Баньер с изумлением устремил взгляд на настоятеля.

– Как же, отец мой, – пролепетал он, – вы бы хотели, чтобы я жил наполовину в театре, наполовину в монастыре? Одной ногой на сцене, другой – в церкви? Но это же невозможно, отец мой! Мне кажется, это было бы святотатством!

– Что вы, сын мой, ничего такого я не предлагал; напротив: покинуть иезуитов было бы не просто неблагодарностью, но и полной бессмыслицей.

– Значит, не покидать их… Извините, отец мой, у меня, кажется, ум немного помутился… Но, по правде сказать, я уже ничего не понимаю, – промолвил несчастный послушник, корчась на раскаленной решетке, которую настоятель потихоньку разогревал своей хитроумной диалектикой.

– Однако же здесь нет ничего сложного для понимания, сын мой, ибо можно яснее ясного и несколькими словами доказать вам, что правота целиком на моей стороне. Прошу вас, дайте-ка мне определение актера.

– Отец мой, – смутился было Баньер, – актер… актер…

– Ну же, смелее, сын мой!

– … это человек, который говорит на публике.

– Отлично: «говорит на публике»; запомним это.

– Боже мой! Боже мой! – прошептал Баньер. – Чего он еще от меня хочет, какие западни приготовил?

– Продолжайте развивать ваше определение актера, сын мой, – вернул его к разговору Мордон.

– Так вот… Актер, отец мой, это человек, который декламирует перед людьми, собравшимися, чтобы слушать его, прекраснейшие общеизвестные истины, какие только мораль могла выковать для описания добродетелей и пороков, преступлений и наказаний, слабостей людских и страстей.

– Великолепно, – промолвил Мордон, с полуприкрытыми веками повторявший про себя каждое слово в определении, данном Баньером, сопровождая их кивками и самой одобрительной мимикой.

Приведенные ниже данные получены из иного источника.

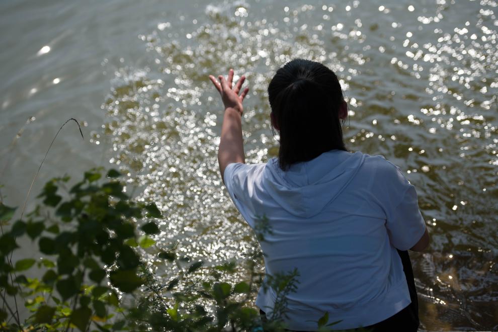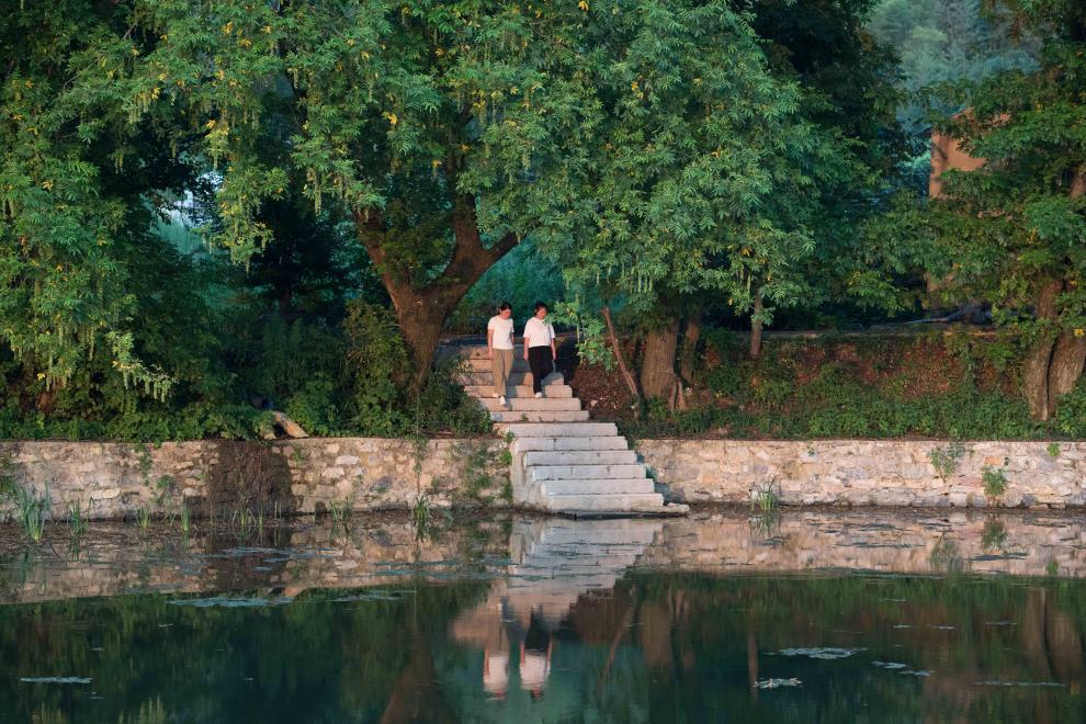 7月23日,在安徽省铜陵市郊区大通镇大院村,朱晴雨(右)和妈妈在池塘边休闲。新华社记者 张端 摄

– Наконец, – заключил юноша, – актер это человек, который, облачась в наряд, избранный, чтобы полнее выказать свойства его внешности, внушает публике чувства, призванные доставить ей удовольствие, просветить ее и улучшить нравы.

– Это все, не правда ли? – спросил Мордон.

– Я ничего иного не нахожу добавить, – робко отозвался Баньер; неожиданное одобрение измучило его больше, чем ожидаемое противоборство.

– Ну вот, – продолжал Мордон. – Я был прав, сын мой, когда заверял, что вы сможете, вовсе не покидая Общество Иисуса, делать все, о чем вы сейчас говорили. Пойду даже дальше: со способностями и призванием, какие вы обнаружили в себе, добиваясь той цели, которую только что сами обрисовали, вы не могли бы выйти из Общества, не лишив его значительной доли славы и благосостояния. Вот почему, сын мой, вы не покинете нас.

– Но, отец мой! – воскликнул Баньер, устрашенный столь чудовищной снисходительностью и готовый если и не лишиться уверенности в своем призвании, то выйти из пределов терпения. – Да видывал ли кто-нибудь иезуита-комедианта?!

– Истинно, никто не видывал иезуита-комедианта, – хладнокровно подтвердил Мордон. – Зато часто можно видеть иезуитов-проповедников. Почему бы вам не стать проповедником, притом отличнейшим проповедником?

– Мне? Про-по-вед-ни-ком?… – запинаясь на каждом слоге, ошеломленно выдохнул Баньер.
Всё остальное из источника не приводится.